The idea that the Earth is hollow is a persistent one which pops up occasionally in cultures throughout history. The belief itself is simple: that our planet is not a solid sphere filled with molten rock, but is in fact more like a tennis ball: a hollow sphere with lots of space inside.

In most telling, the center of the Earth contains another sun which floats in the middle, bringing light and warmth to the inner Earth. (This sun is a key element, obviously, because otherwise how would all the plants grow? DUH.)

Needless to say, a basic understanding of physics and gravity is enough to dispel any lingering thoughts that our planet might be hollow. But many people don't let the facts get in the way of their beliefs.

Hitler may have believed in a hollow Earth. (Let's face it - it's less crazy than some of the other stuff he believed.) Nazi Admiral Donitz once gave a speech which seemed to indicate that Hitler was sending submarines out to the seas beneath the polar ice caps to look for the entrance.

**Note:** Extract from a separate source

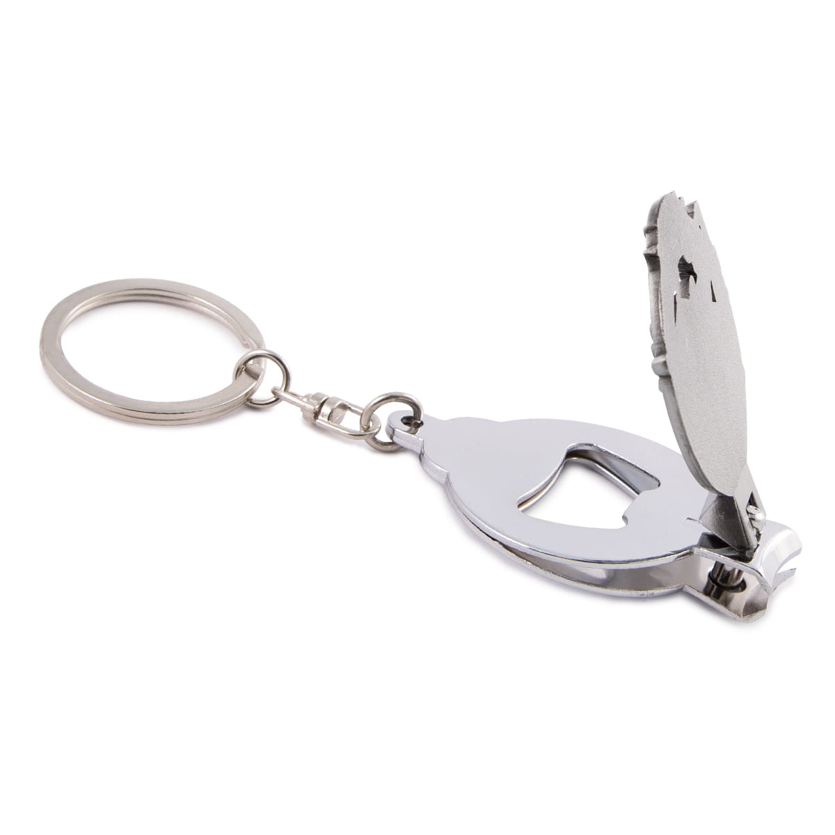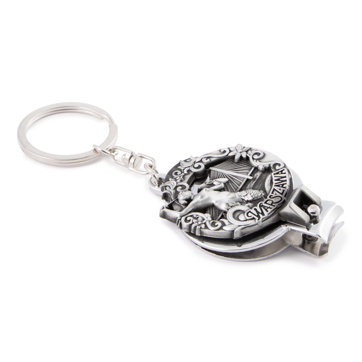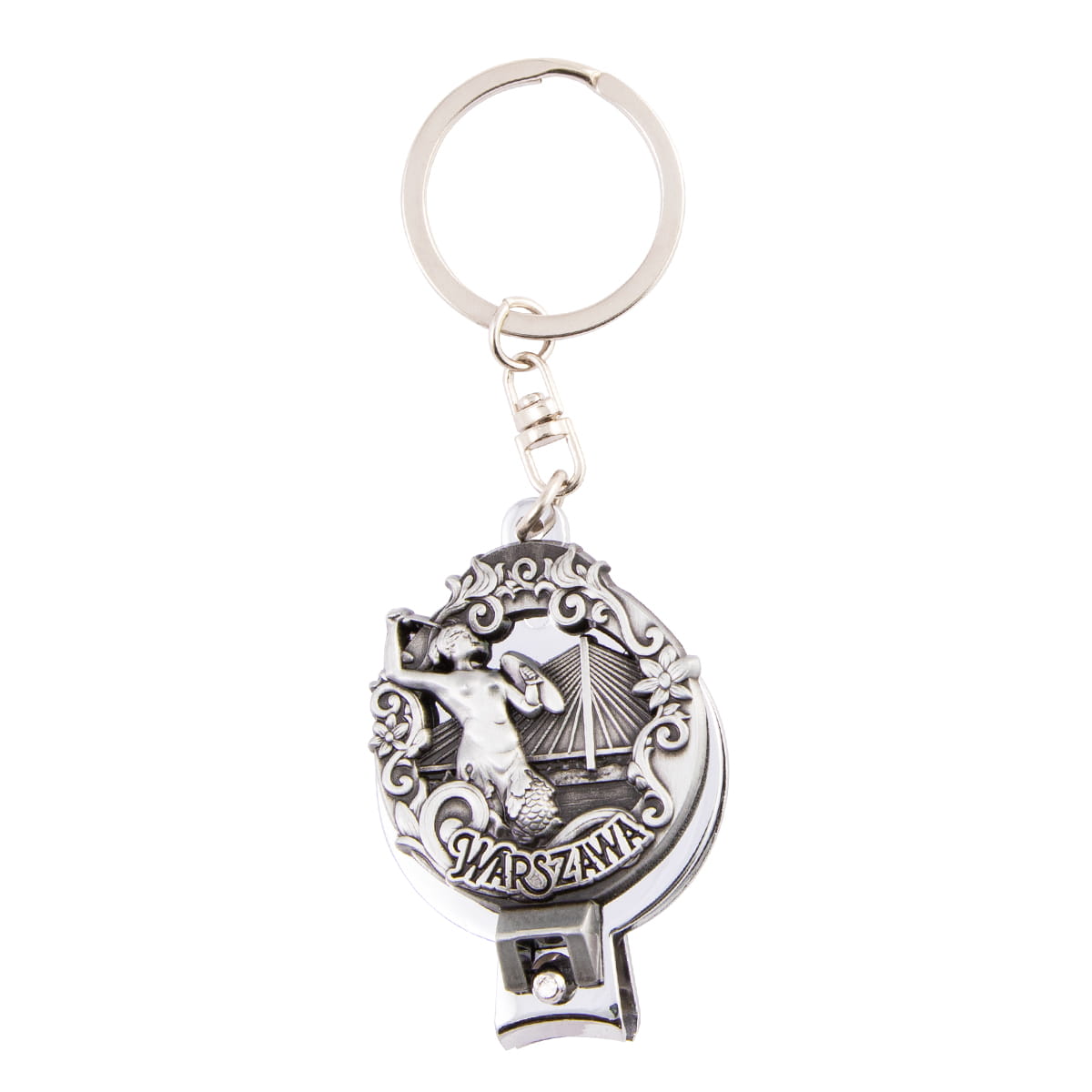 Metalowy, żłobiony, elegancki breloczek będący również obcinaczem do paznokci. Jego górna, zdobiona część przedstawia Syrenkę oraz most Świętokrzyski i wyraźny napis "Warszawa".

The hollow Earth naturally must be accessible somehow, or else where's the fun? Most people seem to believe that there are openings at the poles of various sizes. In the days before satellite imagery, a lot of people believed that the holes were very large - thousands of feet across. One noted hollow Earth scholar proposed that many Ice Age species didn't go extinct - they just wandered into the holes and never came out.

These days most people believe that they are small, or hidden somehow, whether beneath the ice or in another dimension. Others, that entrance can be gained by climbing down through a dormant volcano, or by becoming an ascended master able to travel through the various trans-dminensional planes.

There is a long-standing theory among certain UFO camps that UFOs do not in fact come from outer space, but are instead being built and deployed from within the hollow Earth. They cannot be said to be piloted by aliens, then, but they are almost certainly not being piloted by other humans. (But surely a parallel civilization which evolved inside our planet could be considered "alien"?)

These beliefs often cite Agartha, the dominant society within the hollow Earth. Its capital city is Shambhalla, and its residents may be a superior race which arose on Earth millions of years ago but took refuge inside our planet for various reasons. Some say they were driven underground by ancient wars (such as the war between Atlantis and Lemuria). Others believe that they are hiding from a hostile force, or simply that they found our sun's rays damaging.

One notable branch of hollow Earth theory states that Mount Shasta in California is itself hollow, and is in fact a giant mountain-shaped civilization all on its own. Inside Mount Shasta you can allegedly find the Agarthean city of Telos, which believers have described and fleshed out in a surprisingly intricate fashion over the years.